X Liang*, S Morrill , M Hardee , E Han , J Penagaricano , X Zhang , R Vaneerat , University of Arkansas Medical Science, Little Rock, AR


SU-E-T-263 Sunday 3:00PM - 6:00PM Room: Exhibit Hall

To evaluate the point dose variations between Ir-192 HDR treatments on two consecutive days using a single tandem-ovoid insertion without replanning in cervical cancer patients.
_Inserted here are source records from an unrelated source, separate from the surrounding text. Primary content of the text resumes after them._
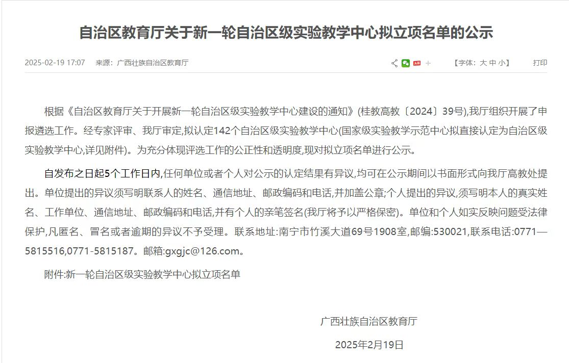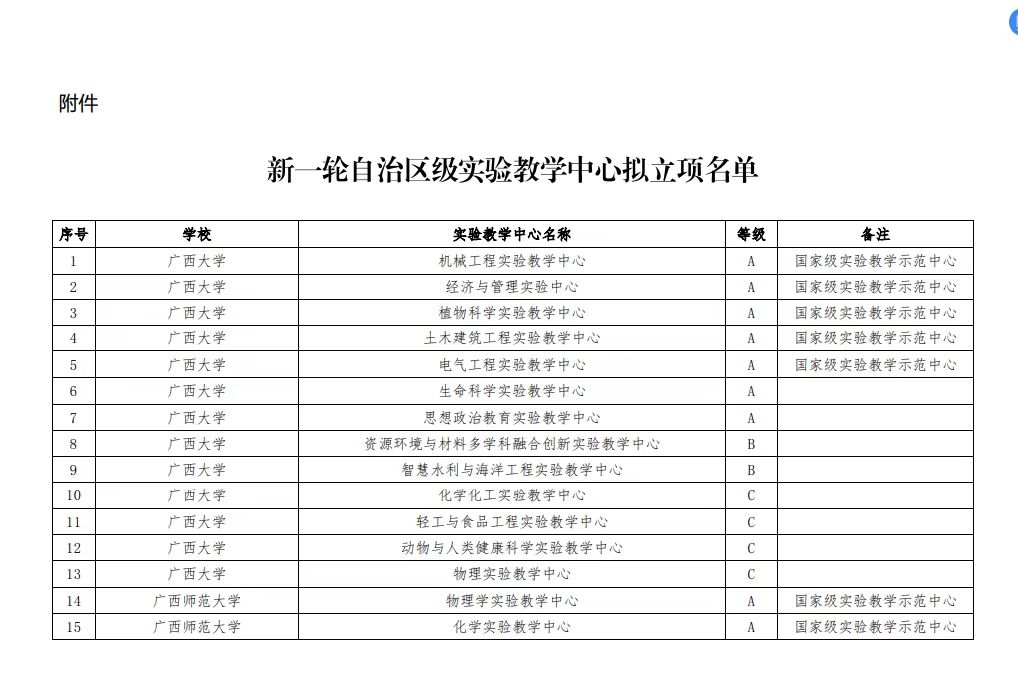 根据《自治区教育厅关于开展新一轮自治区级实验教学中心建设的通知》(桂教高教[2024]39号),区教育厅组织开展了申报遴选工作,经专家评审,区教育厅审定,公司“资源环境与材料多学科融合创新实验教学中心”成功立项为自治区级实验教学中心。
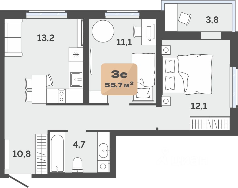 продам 2-к, Республики, 204 корп. 208 600 000 ₽
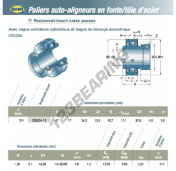 Wkładka Wymienna, znane pod numerem referencyjnym CEX204-12-SNR SNR, mają średnicę wewnętrzną 19.05 mm, średnicę zewnętrzną 47 mm oraz grubość 17 mm. Wykonane są z .

This study includes eleven cervical cancer patients undergoing HDR brachytherapy with a prescribed dose of 28 Gy in 4 fractions. Each patient had two tandem-ovoid insertions one week apart. Each insertion was treated on consecutive days with rescanning and replanning prior to each treatment. To study the effect of no replanning for day 2 treatments, the day 1 plan dwell position and dwell time with decay were applied to the day 2 CT dataset. The point dose variations on the prescription point H (defined according to American Brachytherapy Society), and normal tissue doses at point B, bladder, rectum and vaginal mucosa (based on ICRU Report 38) were obtained.

Without replanning, the mean point H dose variation was 4.6 ± 10.7% on the left; 2.3 ± 2.9% on the right. The mean B point variation was 3.8 ± 4.9% on the left; 3.6 ± 4.7% on the right. The variation in the left vaginal mucosal point was 12.2 ± 10.7%; 9.5 ± 12.5% on the right; the bladder point 5.5 ± 7.4%; and the rectal point 7.9 ± 9.1%.

Without replanning, there are variations both in the prescription point and the normal tissue point doses. The latter can vary as much as 10% or more. This is likely due to the steep dose gradient from brachytherapy compounded by shifts in the positions of the applicator in relationship to the patients anatomy. Imaging prior to each treatment and replanning ensure effective and safe brachytherapy are recommended.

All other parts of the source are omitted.